WORK TO COMPLETE = In the entries below, the lines from the one with "2026年1月11日清晨,河" through the one with "А еще, прыгая" are to be copied exactly; both ends count.

(Stored items from a collection)
>>>>>

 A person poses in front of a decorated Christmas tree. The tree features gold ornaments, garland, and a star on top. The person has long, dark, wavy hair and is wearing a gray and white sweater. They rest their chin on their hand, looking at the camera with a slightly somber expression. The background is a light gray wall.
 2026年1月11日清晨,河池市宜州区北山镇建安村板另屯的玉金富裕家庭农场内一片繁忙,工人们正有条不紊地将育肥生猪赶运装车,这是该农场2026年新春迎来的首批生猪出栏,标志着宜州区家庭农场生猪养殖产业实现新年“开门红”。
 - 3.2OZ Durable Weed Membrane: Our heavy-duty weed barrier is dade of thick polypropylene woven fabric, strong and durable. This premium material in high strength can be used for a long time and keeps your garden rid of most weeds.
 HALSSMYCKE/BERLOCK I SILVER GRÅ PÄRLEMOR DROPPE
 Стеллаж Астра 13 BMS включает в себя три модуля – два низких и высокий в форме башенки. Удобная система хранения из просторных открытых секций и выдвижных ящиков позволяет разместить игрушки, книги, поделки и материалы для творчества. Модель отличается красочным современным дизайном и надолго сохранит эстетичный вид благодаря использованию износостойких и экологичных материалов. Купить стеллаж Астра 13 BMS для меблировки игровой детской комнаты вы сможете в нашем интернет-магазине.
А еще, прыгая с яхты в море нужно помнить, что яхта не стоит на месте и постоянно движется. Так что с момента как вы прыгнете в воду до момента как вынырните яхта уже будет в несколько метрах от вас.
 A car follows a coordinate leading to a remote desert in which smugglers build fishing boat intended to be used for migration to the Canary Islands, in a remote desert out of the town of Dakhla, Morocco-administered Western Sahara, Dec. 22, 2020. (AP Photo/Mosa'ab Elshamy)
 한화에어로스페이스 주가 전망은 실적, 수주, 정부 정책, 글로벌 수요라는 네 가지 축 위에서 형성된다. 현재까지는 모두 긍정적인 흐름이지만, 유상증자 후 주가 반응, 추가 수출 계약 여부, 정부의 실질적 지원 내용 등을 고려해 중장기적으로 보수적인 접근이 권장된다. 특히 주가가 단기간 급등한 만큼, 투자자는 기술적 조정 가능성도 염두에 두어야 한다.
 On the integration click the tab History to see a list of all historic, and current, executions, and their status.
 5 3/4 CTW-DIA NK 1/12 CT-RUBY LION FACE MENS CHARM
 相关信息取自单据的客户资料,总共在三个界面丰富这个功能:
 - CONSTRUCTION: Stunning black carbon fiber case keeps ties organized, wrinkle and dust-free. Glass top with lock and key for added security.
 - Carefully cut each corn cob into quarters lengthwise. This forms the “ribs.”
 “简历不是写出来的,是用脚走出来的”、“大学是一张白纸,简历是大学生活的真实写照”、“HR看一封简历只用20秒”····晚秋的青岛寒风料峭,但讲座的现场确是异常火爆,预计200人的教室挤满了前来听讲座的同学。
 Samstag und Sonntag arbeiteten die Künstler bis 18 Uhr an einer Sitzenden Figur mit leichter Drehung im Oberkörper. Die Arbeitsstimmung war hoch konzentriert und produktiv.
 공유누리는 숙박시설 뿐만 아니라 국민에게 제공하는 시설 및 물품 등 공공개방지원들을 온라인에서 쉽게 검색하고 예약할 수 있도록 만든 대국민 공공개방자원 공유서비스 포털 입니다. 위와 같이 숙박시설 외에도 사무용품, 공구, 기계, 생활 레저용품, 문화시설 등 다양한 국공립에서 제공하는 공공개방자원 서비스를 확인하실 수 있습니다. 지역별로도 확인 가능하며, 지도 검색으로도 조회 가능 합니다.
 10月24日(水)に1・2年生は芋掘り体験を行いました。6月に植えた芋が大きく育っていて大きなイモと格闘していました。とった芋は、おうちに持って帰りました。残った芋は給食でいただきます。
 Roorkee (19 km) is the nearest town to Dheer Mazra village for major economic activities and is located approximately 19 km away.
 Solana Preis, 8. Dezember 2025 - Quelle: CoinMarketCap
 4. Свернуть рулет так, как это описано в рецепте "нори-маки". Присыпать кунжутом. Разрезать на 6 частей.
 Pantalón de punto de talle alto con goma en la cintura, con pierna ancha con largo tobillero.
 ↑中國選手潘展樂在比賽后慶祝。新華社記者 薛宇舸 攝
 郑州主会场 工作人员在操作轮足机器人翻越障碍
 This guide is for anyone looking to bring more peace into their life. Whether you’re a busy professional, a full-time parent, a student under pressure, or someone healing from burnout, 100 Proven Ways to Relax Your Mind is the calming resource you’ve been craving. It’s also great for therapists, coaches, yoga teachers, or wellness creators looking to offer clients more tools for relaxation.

<<<<<

ANSWER BOX =
 2026年1月11日清晨,河池市宜州区北山镇建安村板另屯的玉金富裕家庭农场内一片繁忙,工人们正有条不紊地将育肥生猪赶运装车,这是该农场2026年新春迎来的首批生猪出栏,标志着宜州区家庭农场生猪养殖产业实现新年“开门红”。
 - 3.2OZ Durable Weed Membrane: Our heavy-duty weed barrier is dade of thick polypropylene woven fabric, strong and durable. This premium material in high strength can be used for a long time and keeps your garden rid of most weeds.
 HALSSMYCKE/BERLOCK I SILVER GRÅ PÄRLEMOR DROPPE
 Стеллаж Астра 13 BMS включает в себя три модуля – два низких и высокий в форме башенки. Удобная система хранения из просторных открытых секций и выдвижных ящиков позволяет разместить игрушки, книги, поделки и материалы для творчества. Модель отличается красочным современным дизайном и надолго сохранит эстетичный вид благодаря использованию износостойких и экологичных материалов. Купить стеллаж Астра 13 BMS для меблировки игровой детской комнаты вы сможете в нашем интернет-магазине.
А еще, прыгая с яхты в море нужно помнить, что яхта не стоит на месте и постоянно движется. Так что с момента как вы прыгнете в воду до момента как вынырните яхта уже будет в несколько метрах от вас.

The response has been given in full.